» **THE DATA**
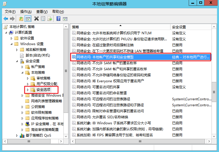 5. 找到并打开安全选项中的网络访问:本地账户的共享和安全模型。如下图所示:
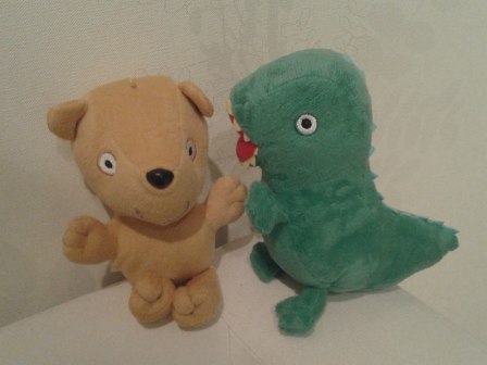 Фото не очень удачно в плане цветопередачи, в реальности цвета яркие и насыщенные. Вот такая парочка - Тедди и мистер Динозавр:
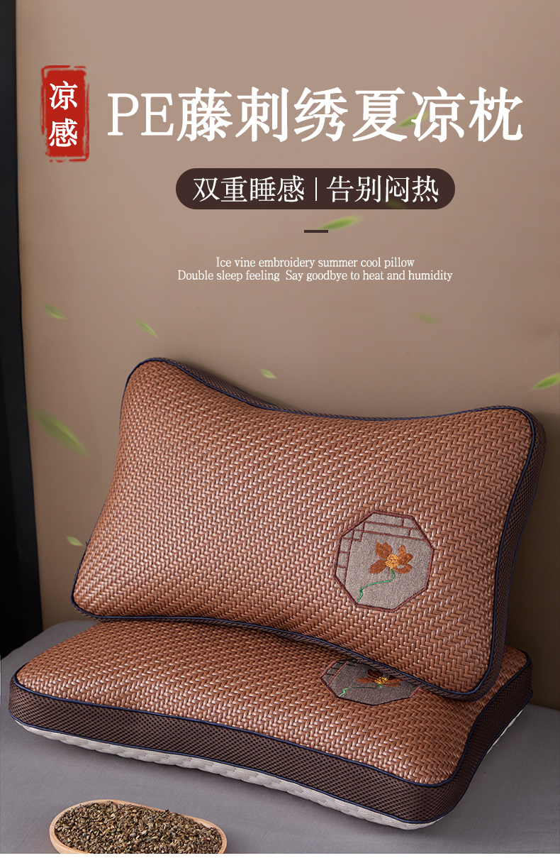 商品名称:(总)织布人 2025新款荞麦枕夏季凉感冰藤面包枕PE藤夏凉枕成人家用颈椎枕硬枕35*55cm
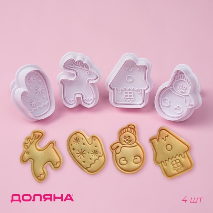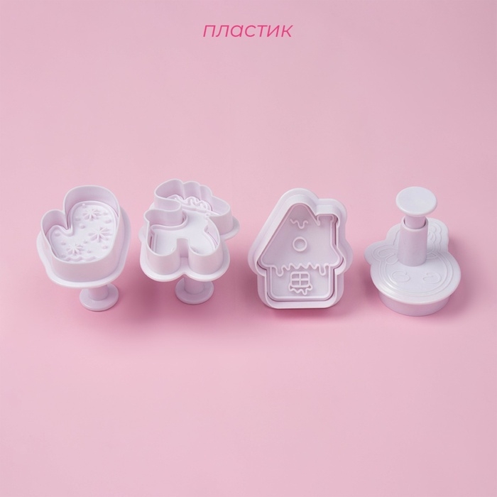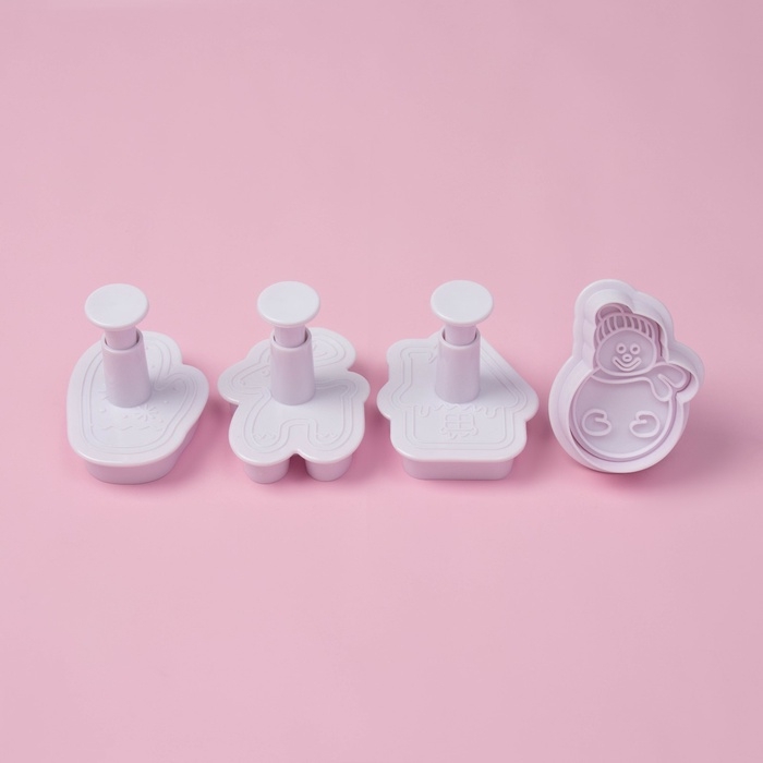Плунжеры кондитерские Доляна «Зимняя сказка», набор 4 шт, новогодние, пластик, белый
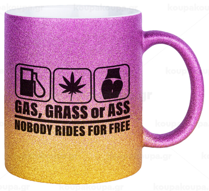 Gas, Grass or Ass, Κούπα Χρυσή/Ροζ Glitter, κεραμική, 330ml
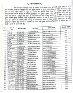 Uncategorized 500 रु में दोपहिया एवं 8200 रु में चार पहिया वाहनों की खुली बोली नीलामी प्रक्रिया का आयोजन March 16, 2025 पुरुषोत्तम लाल हिरवानी CG PUBLIC TIMES जिला बलौदाबाजार-भाटापारा जिले के विभिन्न थाना चौकी द्वारा आबकारी एक्ट मामले में जप्त बाद राजसात किए गए दोपहिया एवं चार पहिया वाहनों की खुली बोली नीलामी प्रक्रिया का आयोजन संदर्भ। पुरुषोत्तम लाल हिरवानी Post navigation Previous ग्रामों पोंडी में वंदे मातरम् चौक वार्ड 4 में शनिवार साप्ताहिक हनुमान चालीसा का पाठ व राम स्तुति हनुमंत महा आरती का आयोजन किया गयाNext कवर्धा में ठेकेदार की दबंगई: नगर पालिका के कबाड़ पर किया अवैध कब्जा, अधिकारियो की खामोशी पर उठ रहे है सवाल

» **WHAT IS NEEDED**
Print all of the entries word for word. Skip any images they contain.

» **OUTPUT OF THE EXERCISE**
 5. 找到并打开安全选项中的网络访问:本地账户的共享和安全模型。如下图所示:
 Фото не очень удачно в плане цветопередачи, в реальности цвета яркие и насыщенные. Вот такая парочка - Тедди и мистер Динозавр:
 商品名称:(总)织布人 2025新款荞麦枕夏季凉感冰藤面包枕PE藤夏凉枕成人家用颈椎枕硬枕35*55cm
Плунжеры кондитерские Доляна «Зимняя сказка», набор 4 шт, новогодние, пластик, белый
 Gas, Grass or Ass, Κούπα Χρυσή/Ροζ Glitter, κεραμική, 330ml
 Uncategorized 500 रु में दोपहिया एवं 8200 रु में चार पहिया वाहनों की खुली बोली नीलामी प्रक्रिया का आयोजन March 16, 2025 पुरुषोत्तम लाल हिरवानी CG PUBLIC TIMES जिला बलौदाबाजार-भाटापारा जिले के विभिन्न थाना चौकी द्वारा आबकारी एक्ट मामले में जप्त बाद राजसात किए गए दोपहिया एवं चार पहिया वाहनों की खुली बोली नीलामी प्रक्रिया का आयोजन संदर्भ। पुरुषोत्तम लाल हिरवानी Post navigation Previous ग्रामों पोंडी में वंदे मातरम् चौक वार्ड 4 में शनिवार साप्ताहिक हनुमान चालीसा का पाठ व राम स्तुति हनुमंत महा आरती का आयोजन किया गयाNext कवर्धा में ठेकेदार की दबंगई: नगर पालिका के कबाड़ पर किया अवैध कब्जा, अधिकारियो की खामोशी पर उठ रहे है सवाल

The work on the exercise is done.